Scientists Learn to Share Data — A Giant Step Forward in Advancing SCI Research
Scientists in the spinal cord injury (SCI) space are clear on one thing: Every injury and every individual are unique. The same holds true for datasets and scientists. But with data sharing, the possibilities for combining efforts to affect change grow exponentially.
“We know that no single intervention is going to solve spinal cord injury,” says Karim Fouad, Ph.D., co-director and editor of the Open Data Commons (ODC)-SCI and professor and Canada research chair at the University of Alberta. “So, communication between basic researchers, clinicians, and people living with SCI through open data sharing is the only way to really move the field forward.”
It makes sense then that funding agencies and publishers are increasingly demanding that researchers make their datasets accessible through some sort of open data-sharing platform. A transparent data culture not only enables scientists to evaluate and replicate other investigators’ findings, but it also acts as a springboard to develop novel research questions.
Sharing is Caring
Dating back early days of science in India and the U.K., professionals came together to discuss their work daily or weekly, often over whiskey. Then scientists began publishing their findings in journal articles. “They shared exciting results. That’s what we still do in published papers. But the rest of the data gets lost,” says Fouad. “That produces a research bias.”
With open data sharing, the goal is to recover all of that lost data — to publish and share everything across the board. So, when researchers have a hypothesis about a particular treatment, they can go into the ODC-SCI and review experiments that have already been completed — and that helps conserve resources.
“By making all of the data available, investigators can improve how they design trials by taking into account previous research findings,” Fouad says. “Once we have the whole picture, with every detail, we’ll be able to use machine learning algorithms to extract information that our brains can’t even conceptualize yet.”
Capturing that information saves time and money. It also allows an opportunity for independent replication, which is such a central tenant of science. Uploading data to the ODC-SCI makes it a citable data set with a digital objective identifier (DOI) — and that helps researchers comply with funding mandates. That infrastructure already exists within the SCI space. Unfortunately, the idea of entering new and old data is overwhelming for most scientists.
The Challenges of Data Sharing
Data sharing is a daunting concept for many researchers. They’re trained in science, not data entry, and it’s not uncommon for them to feel creatively stifled by the process of entering and uploading data. To complicate matters, many investigators don’t feel like they have the time, knowledge, or bandwidth to take the steps necessary to share their data, particularly “old data.”
To date, the ODC-SCI has effectively checked submitted datasets for compliance with ODC standards. Unfortunately, there’s no comprehensive systematic assistance for recovering data from already published studies, and equally important, studies that were never published.
“Researchers are reluctant to dig out data from the past and reformat it to ODC-SCI, create data dictionaries and complete the required metadata to make the information shareable,” says Marco Baptista, Ph.D., chief scientific officer of the Christopher & Dana Reeve Foundation. Plus, learning to enter data correctly and in a standardized format requires time and training.

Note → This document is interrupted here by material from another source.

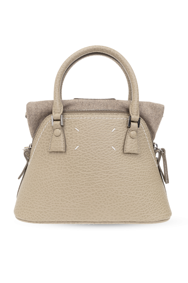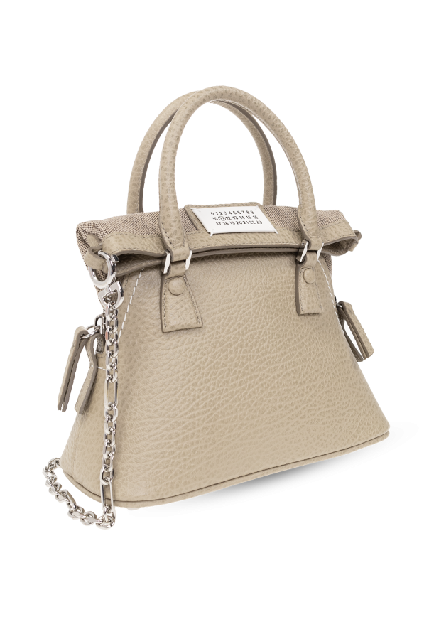 Beige ‘5AC Classique Micro’ shoulder bag from Maison Margiela. Made of leather, this model features a snap closure, patch, the brand’s signature pattern in white, two half-round handles, detachable and adjustable shoulder strap, silver-tone metal hardware and one internal compartment with one slip pocket.

There are different levels of understanding about how to format and upload research data into the ODC-SCI — and many scientists don’t feel equipped to share data in a FAIR manner, meaning that it’s Findable, Accessible, Interoperable, and Reusable. And some data might be trickier than others to put into an open data sharing platform.
“Conceptually, researchers are on board, but there’s no personal incentive to enter data, especially old data,” says Marco Baptista, Ph.D., chief scientific officer of the Christopher & Dana Reeve Foundation. “Our goal is to add those incentives while also reducing the risks involved with data sharing.”
Working Toward a Sharing Culture
The complexity inherent in SCI requires myriad treatment approaches used alone and in combination. And while experts in the field agree that no single therapy will cure SCI, sharing data openly and in a standardized way poses big challenges.
To help investigators get up to speed with data sharing, the Christopher & Dana Reeve Foundation and the University of Alberta are partnering with investigators — not just to fund these efforts, but also to provide specialized training and guidance so open data sharing protocols becomes standard operating procedure.
With funds from the Open Data Sharing Grant, the University of Alberta will be hiring a “data retrieval specialist,” who will not only help investigators uncover and enter old data for open data sharing but also train them to capture new data and upload it according to ODC-SCI standards.
“It’s really a two-pronged approach,” explains Baptista. “The first prong relies on the ODC Grant to hire a data retrieval specialist and the second prong is to incentivize researchers to analyze shared data so new hypotheses can emerge.” While the process of integrated data collection, management and sharing can be cumbersome, particularly in the early stages, the effectiveness of this approach is easily measured by how many datasets get moved into the ODC-SCI with a DOI.
“For open data sharing to be effective, we have to change the culture,” Fouad says. “But once scientists begin using old data to come up with new conclusions that move the field forward, the culture will shift. It’s not going to happen overnight, but we’re coming at it from all angles, including incentives, training, and ongoing assistance.”